My mechanic confirmed that it was the transmission line, but his phone was dying so I couldn't talk long enough to ask questions until later tonight. If it's just the transmission line, not the transmission itself, does that mean that still mean I did major damage to the transmission, or is there a chance I avoided over heating it and causing major damage?


----------



## ducaticorse (Oct 16, 2012)

THEGOLDPRO;1549703 said:


> Enjoy rebuilding your transmission.


boom......


----------



## ducaticorse (Oct 16, 2012)

Theplower;1550036 said:


> The wheels were spinning. As far as rocking, I was, some what, I went forward, Couldn't go, stopped, backed up, couldn't go, repeat, Did that about 3 times, shoveled a bit, then continued.
> 
> My mechanic confirmed that it was the transmission line, but his phone was dying so I couldn't talk long enough to ask questions until later tonight. If it's just the transmission line, not the transmission itself, does that mean that still mean I did major damage to the transmission, or is there a chance I avoided over heating it and causing major damage?
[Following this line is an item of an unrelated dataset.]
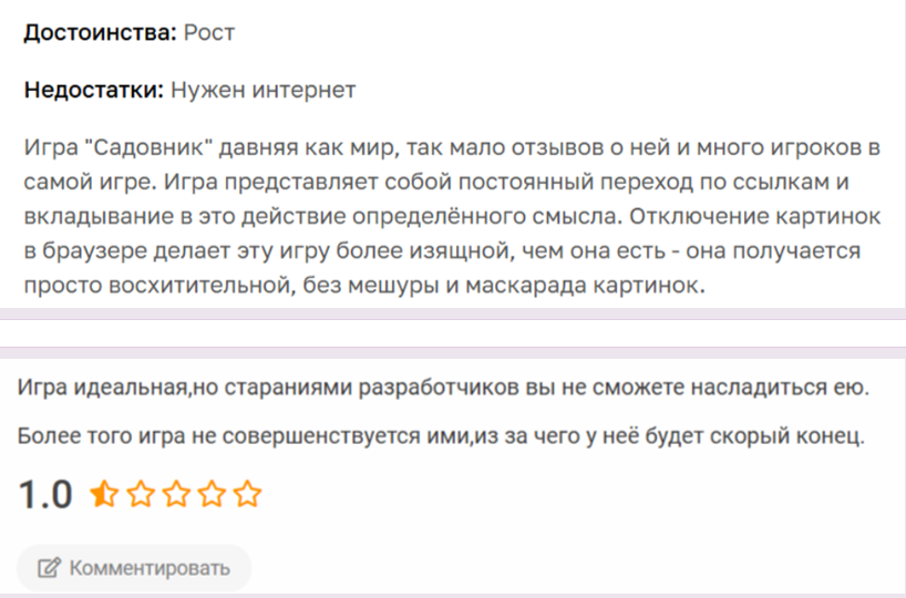 В интернете встречаются отзывы о проекте «Садовник», где игру называют лохотроном и рекомендуют не вкладывать деньги. Потерять время, деньги и нервы просто. Пополнение счета для покупки донатов и инструментов, которые обещают ускорение заработка, на деле приводит к убыткам без реальных выплат.

I'm a big fan of transmission temp gauges in my F350 trucks..


----------



## erkoehler (Sep 25, 2008)

All of my trucks have trans temp gauges added except my 95.


----------



## Theplower (Nov 24, 2012)

Well, my mechanic confirmed that the transmission is in fact gone. He also doesn't think that it's worth fixing as apparently some wiring and other stuff nearby also got burnt. Great way to start my season off.


----------



## ducaticorse (Oct 16, 2012)

Well, you live and learn. You were the one who broke your tranny, it didn't break on you. If you're going to be doing this for the long run, you will soon to find out that equipment will break down on its own all by itself, it doesn't need you to help it along as you did in this case.


----------



## Theplower (Nov 24, 2012)

ducaticorse;1550156 said:


> Well, you live and learn. You were the one who broke your tranny, it didn't break on you. If you're going to be doing this for the long run, you will soon to find out that equipment will break down on its own all by itself, it doesn't need you to help it along as you did in this case.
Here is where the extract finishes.